И он бросился было бежать.
– Ах, да что ж я, – воротился он вдруг, – ведь он меня с письмом к вам прислал! Вот письмо. Зачем вы не пришли провожать?
Вельчанинов воротился домой и распечатал адресованный на его имя конверт.
В конверте ни одной строчки не было от Павла Павловича, но находилось какое-то другое письмо. Вельчанинов узнал эту руку. Письмо было старое, на пожелтевшей от времени бумаге, с выцветшими чернилами, писанное лет десять назад к нему в Петербург, два месяца спустя после того, как он выехал тогда из Т. Но письмо это не пошло к нему; вместо него он получил тогда другое; это ясно было по смыслу пожелтевшего письма. В этом письме Наталья Васильевна, прощаясь с ним навеки – точно так же как и в полученном тогда письме – и признаваясь ему, что любит другого, не скрывала, однако же, о своей беременности.
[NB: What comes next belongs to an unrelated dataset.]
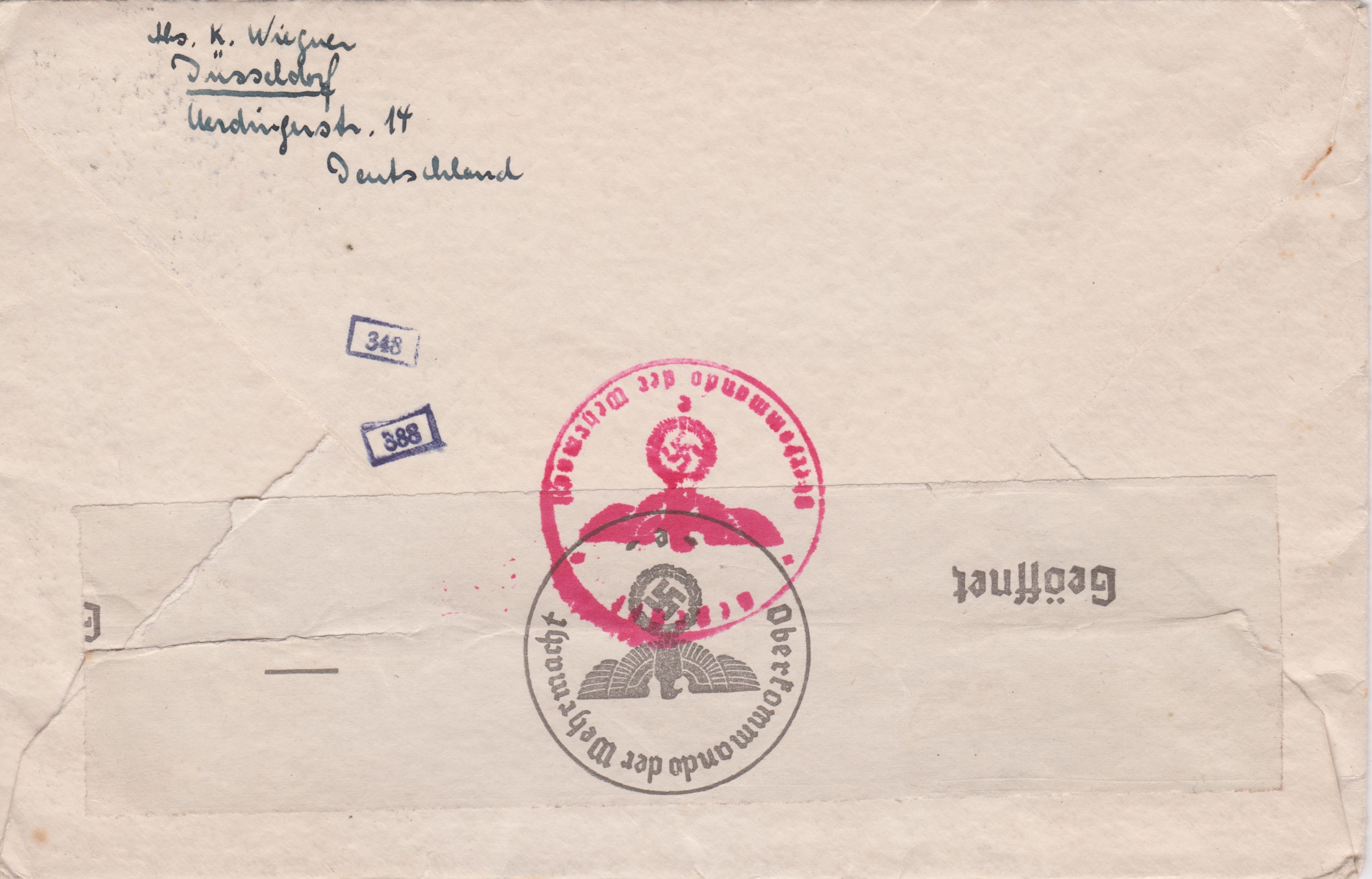 Der Brief wurde der ABP Frankfurt zugeleitet, wo er rückseitig geöffnet und nach erfolgter Prüfung mit einem Verschlußstreifen, Landsmann EV3.2, wieder verschlossen wurde, was ein Prüfstempel in Rot, Landsmann EP3.1, dokumentiert.
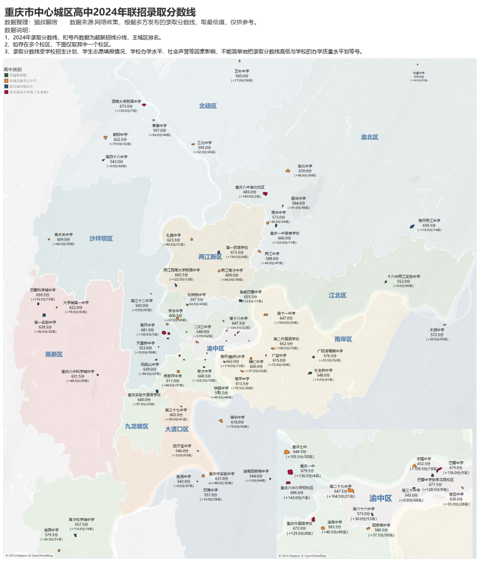 重庆2024年的联招分数线已经出炉,为近9年新低543分。 这几天陆续看到很多机构发布了今年各联招校的录取分数线,估计有不少家长朋友,都不太清楚主城区联招校的位置分布,及各区分别有多少所学校。 这几天根据多方发布的录取分数线(有不一致的取最低值),一张数据地图,供感兴趣的朋友参考。 中考的帷幕已经落下,但青春的梦想才刚刚扬帆。中央公园的每一片绿叶,每一缕阳光,都将见证着这座城市的活力与希望。目前一

Напротив, в утешение ему сулила, что она найдет случай передать ему будущего ребенка, уверяла, что отныне у них другие обязанности, что дружба их теперь навеки закреплена, – одним словом, логики было мало, но цель была все та же: чтоб он избавил ее от любви своей. Она даже позволяла ему заехать в Т. через год – взглянуть на дитя. Бог знает почему она раздумала и выслала другое письмо вместо этого.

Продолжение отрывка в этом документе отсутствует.